I guess my aversion to Twilight began before the movie ever came out. I was at my son's soccer game when a person that is merely an acquaintance informed me that she had just read the best book in the whole wide world!!! I would describe myself as an avid reader so I must say that I was a little interested to hear what the best book in the world was. When she told me it was a book about vampires, I was immediately turned off. I did the whole vampire thing back in the early, early 90's. Interview With A Vampire and The Vampire Lestast books. The vampire movie starring Tom Cruise and Brad Pitt that my friend Cherity and I snuck Chinese food into. Just a side note. Do not eat ham fried rice while blood is being sprayed across the screen. Not very appetizing. I was way over it. Vampires were a thing of my youth, or at least my early adulthood. I told her no thanks. She took my no as a chance to try and convince me more by telling me how GREAT it was. She wasn't a reader, yet she couldn't put this down. I kept telling her I wasn't interested to which she came back with I just have-have-have to read it! I had to get mean. I informed her I liked to read things with substance. I was in the middle of East Of Eden by John Steinbeck. I had just finished Atlas Shrugged by Ayn Rand. I was also reading Ulysses. This person then told me she didn't know any of those books but she would bet they weren't as good as Twilight. I then told her I didn't read crap (which isn't true, I've read a lot of crap). She got the point.

This single event began a period in my life that I will refer to as the "GREAT TWILIGHT PERSUASION". Everyone began telling me that they read this great book and they knew I would love it. I would immediately hold up my hand and say STOP! If the words vampire or Twilight leave your lips I will lose it right here and now (imagine my voice reaching a crescendo). At the beginning I had many who fought the good fight with me. They were as anti-Twilight as I was. But then the worst happened. They began to fall.

I would be on the phone with a friend and the conversation would turn to books and they would whisper they had not only read Twilight, but they had read all four of them and they loved them. Now that it was out of the bag they could openly embrace Twilight in my presence. They put stickers on their cars and phones. They gushed about Jacob's muscles and Edward's chivalry. They dissected the plot and talked about the choices Bella made to which I screamed she didn't make any choices! She's a shallow one-dimensional character! Somehow my friends and I made it through the great divide and we are still speaking to each other. But not about vampires.

Back to present day. My daughter is almost 11 and has been working her little tush off at school and practicing the violin. I decided this deserved a reward and the reward would be giving her what she has built up in her mind to be the pinnacle of her pre-teen years. Watching Twilight.

I saved it on the DVR. I bought popcorn. We got Panda Express takeout. What is it with me and having Chinese food and watching vampire movies? I guess I got it in my head they went together. We popped popcorn and nibbled M&M's. And we watched. Now hold your breath. It wasn't half bad. I'm not talking Oscar worthy or anything but I was entertained. And it was fairly mild for PG-13. After it was over I kept saying that was it? That was what all my mid-30's (and sometimes older) friends got themselves in a tizzy about?
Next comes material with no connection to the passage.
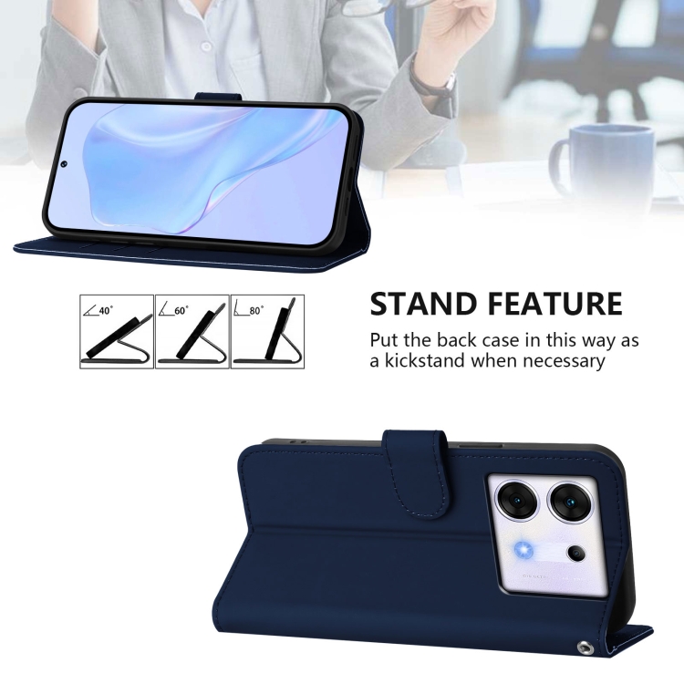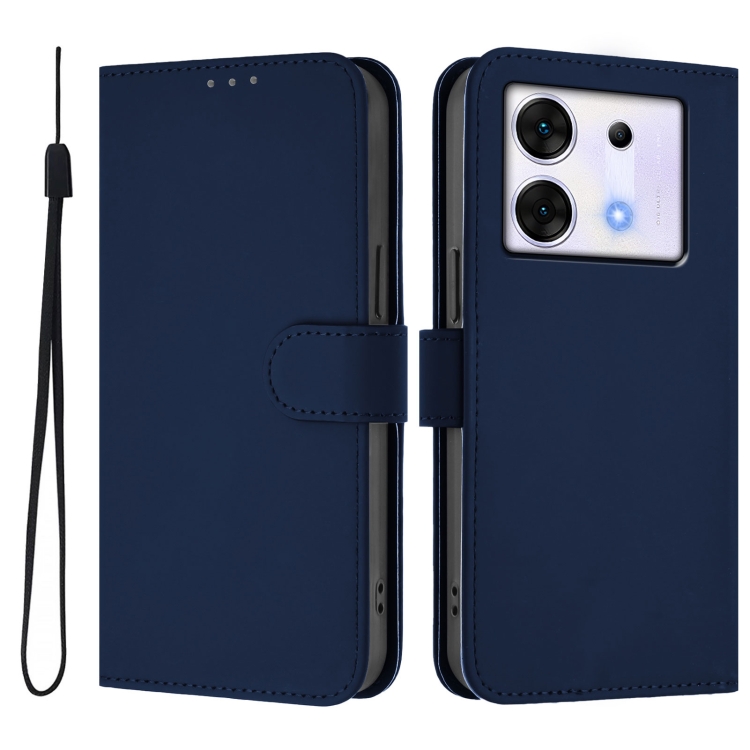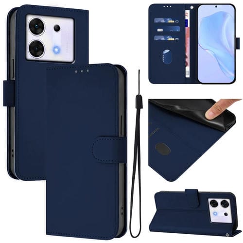 Funda de Piel con Cordón para Teléfono Infinix Zero 30 5G con Tacto de Piel (Azul Marino)

Edward wasn't that chivalrous. In fact, he was kind of a jerk. One minute he couldn't stay away from her and the next he's pushing her away saying she isn't good for him. And then in the second one, New Moon, he tells her she's his life and then leaves her! Not very nice Edward.

Ashlenne loved it. She was happy so I was happy. And hey, I think she learned something. Don't fall in love with a vampire. It's nothing but trouble and heartbreak and then they leave you high and dry and depressed. Like I said. Vampires suck, big time.